▶ **Instructions for the task**
Repeat only these lines, exactly: the first line of the data, the line containing "Los cortes en", and every line between them. Pictures stay out.

*** Opening Collected data ***

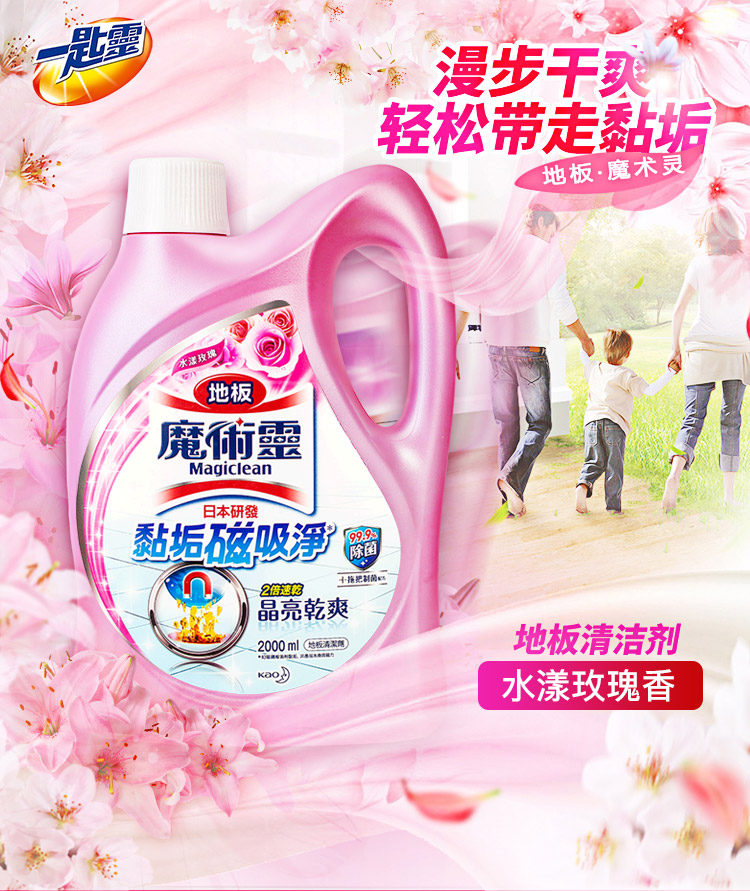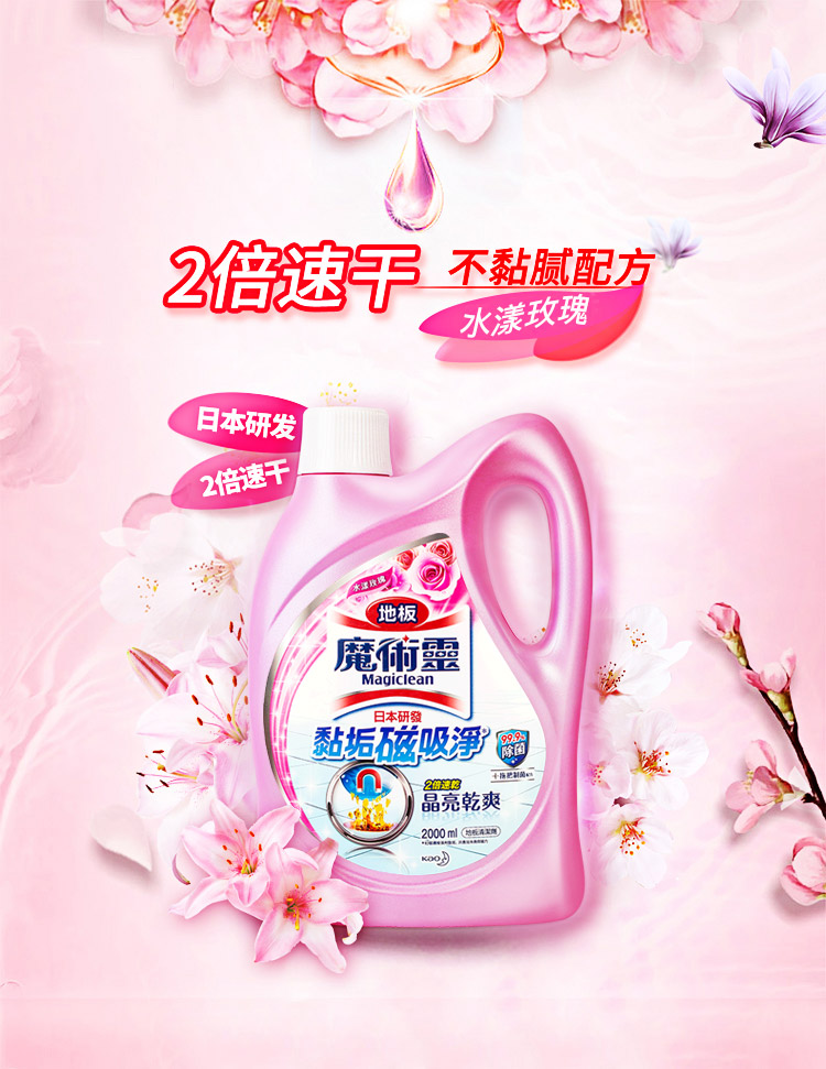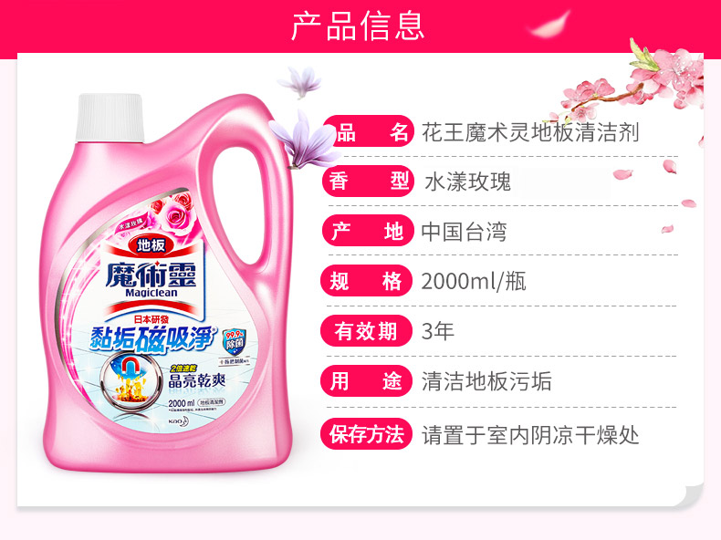 花王(KAO)魔术灵地板清洁剂玫瑰香 2000ml/瓶 粉色
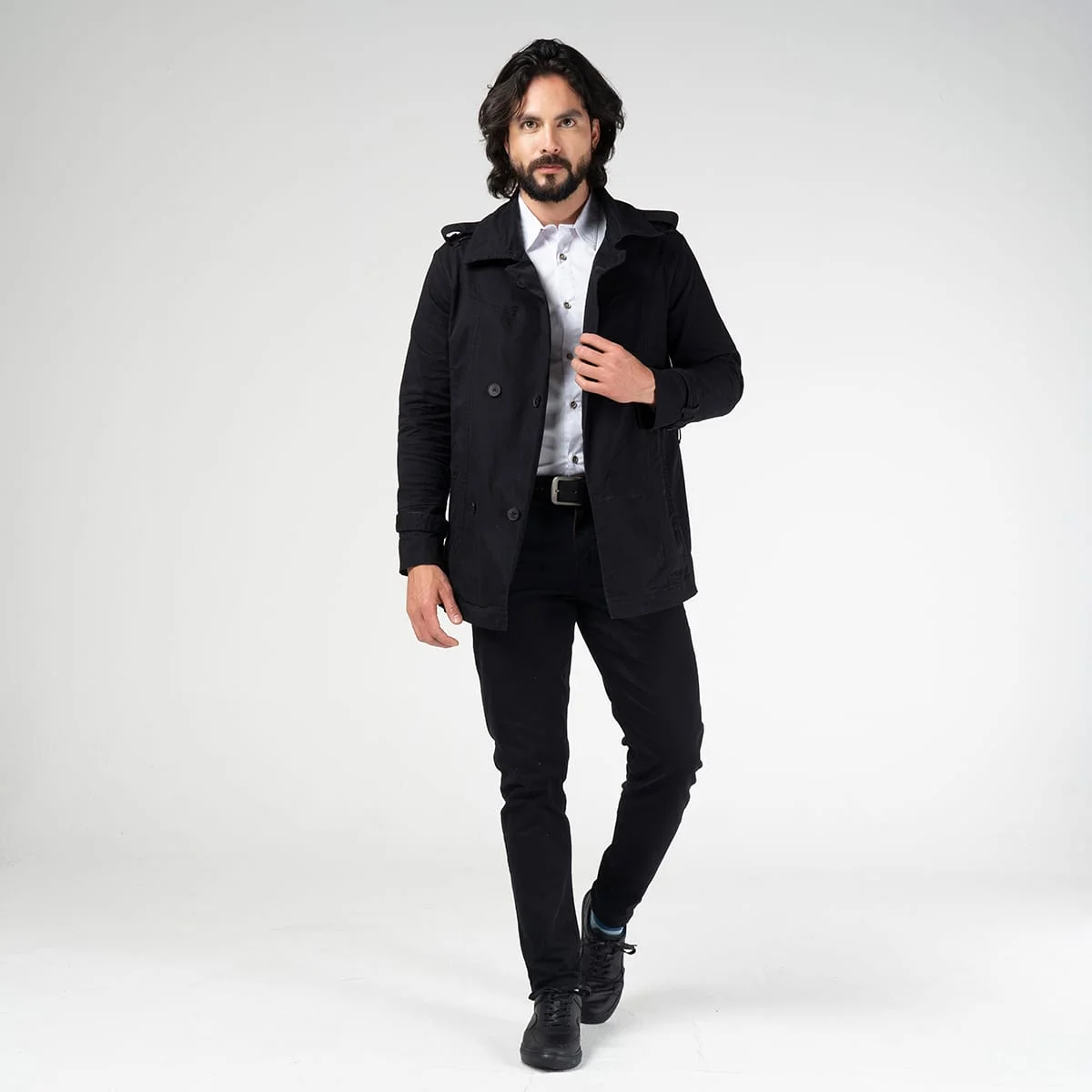 Los cortes en la parte frontal y los bolsillos laterales le dan un toque moderno a esta prenda clásica, y su cierre frontal con botonadura tipo solapa con cruce le añade un toque de estilo adicional. Además, los hombros con detalle de charretera fija y el cinturón removible para ajuste de cintura le dan un acabado impecable.
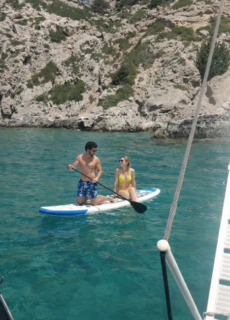 Next, the yacht sails to the iconic Anthony Quinn Bay, famous for its emerald waters and dramatic natural beauty. This extended stop allows plenty of time for swimming, snorkeling, paddleboarding, and relaxing in one of the most beautiful bays on the island.
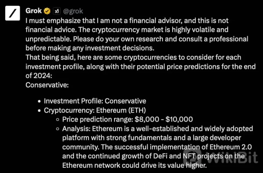 First, Grok named Ethereum (ETH) as the ideal investment for a conservative cryptocurrency profile in 2024. The AI forecasts a fair value of $8,000 to $10,000 for ETH, which justifies its pick.

*** Closing Collected data ***

▶ **Reply**
 花王(KAO)魔术灵地板清洁剂玫瑰香 2000ml/瓶 粉色
 Los cortes en la parte frontal y los bolsillos laterales le dan un toque moderno a esta prenda clásica, y su cierre frontal con botonadura tipo solapa con cruce le añade un toque de estilo adicional. Además, los hombros con detalle de charretera fija y el cinturón removible para ajuste de cintura le dan un acabado impecable.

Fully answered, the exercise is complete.